Association between Cytomegalovirus Seropositivity or Titres and Cardiovascular Disease: Systematic Review and Meta-Analysis of Prospective Evidence
Established risk factors for cardiovascular disease (CVD) do not fully explain CVD risk. Cytomegalovirus (CMV) has been linked to development of CVD among transplant recipients, but its association with CVD in immunocompetent adults is not established.
Embase®, Medline® and Web of Science® were searched in April 2014. Titles, abstracts and full-text articles were screened and meta-analysed using a priori criteria.

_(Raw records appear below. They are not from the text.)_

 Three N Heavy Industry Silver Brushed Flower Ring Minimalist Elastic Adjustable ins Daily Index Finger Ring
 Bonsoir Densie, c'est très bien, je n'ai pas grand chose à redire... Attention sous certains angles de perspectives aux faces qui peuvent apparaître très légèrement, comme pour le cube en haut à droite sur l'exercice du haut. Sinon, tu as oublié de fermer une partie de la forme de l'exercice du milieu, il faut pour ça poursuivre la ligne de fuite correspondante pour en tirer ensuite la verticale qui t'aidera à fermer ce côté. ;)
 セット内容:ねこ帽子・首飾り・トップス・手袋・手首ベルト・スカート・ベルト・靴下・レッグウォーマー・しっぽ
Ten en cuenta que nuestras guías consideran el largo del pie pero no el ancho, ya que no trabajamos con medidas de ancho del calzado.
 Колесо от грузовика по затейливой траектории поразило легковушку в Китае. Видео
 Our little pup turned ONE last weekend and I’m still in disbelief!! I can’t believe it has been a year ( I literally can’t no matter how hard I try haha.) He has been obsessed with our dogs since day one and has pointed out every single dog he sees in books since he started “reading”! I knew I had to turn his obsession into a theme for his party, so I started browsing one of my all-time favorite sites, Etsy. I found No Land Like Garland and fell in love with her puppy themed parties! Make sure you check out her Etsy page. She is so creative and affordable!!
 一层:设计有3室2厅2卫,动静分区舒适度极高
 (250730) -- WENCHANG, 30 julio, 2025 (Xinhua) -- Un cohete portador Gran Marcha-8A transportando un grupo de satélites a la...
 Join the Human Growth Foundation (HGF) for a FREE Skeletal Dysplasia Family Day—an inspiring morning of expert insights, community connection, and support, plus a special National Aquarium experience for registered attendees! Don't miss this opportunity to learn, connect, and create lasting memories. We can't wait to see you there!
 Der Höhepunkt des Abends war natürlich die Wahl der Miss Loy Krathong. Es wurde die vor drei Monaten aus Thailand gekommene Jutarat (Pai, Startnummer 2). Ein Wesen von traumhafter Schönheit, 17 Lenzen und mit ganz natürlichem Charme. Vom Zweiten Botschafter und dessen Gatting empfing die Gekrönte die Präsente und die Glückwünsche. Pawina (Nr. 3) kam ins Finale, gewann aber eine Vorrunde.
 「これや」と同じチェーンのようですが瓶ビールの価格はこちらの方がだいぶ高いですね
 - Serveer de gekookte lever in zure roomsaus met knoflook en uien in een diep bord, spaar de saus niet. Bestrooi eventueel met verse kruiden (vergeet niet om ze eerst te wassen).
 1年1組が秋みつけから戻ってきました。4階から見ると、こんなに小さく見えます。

Of 2,658 titles screened, 25 prospective studies met criteria for synthesis. All included studies defined CMV exposure using serological tests with a clinically important CVD outcome, but varied substantially regarding potential bias, confounding, and sample size. Random-effects meta-analysis of studies examining CMV seropositivity and CVD revealed a null association in both 13 population-based studies (effect estimate, 0.99; 95% CI, 0.87–1.12) and in 10 studies of patients with previous history of CVD (1.13; 1.00–1.27). However, in the three population-based studies that examined CMV antibody levels and CVD, there was an indication of increased risk in CVD among participants with higher titres, with the most methodologically robust study reporting an adjusted hazard ratio (95% CI) of 1.21 (1.04–1.41) for participants in the highest tertile of titres versus seronegative subjects.
There appears to be a modest increased risk in CVD associated with higher CMV antibody levels. Given high burden of CVD and high seroprevelance of CMV among adults worldwide, this association is of potential public health relevance. Further research examining this association in other cohorts, and prospective studies correlating CMV antibody levels with direct measurements of active infection are necessary.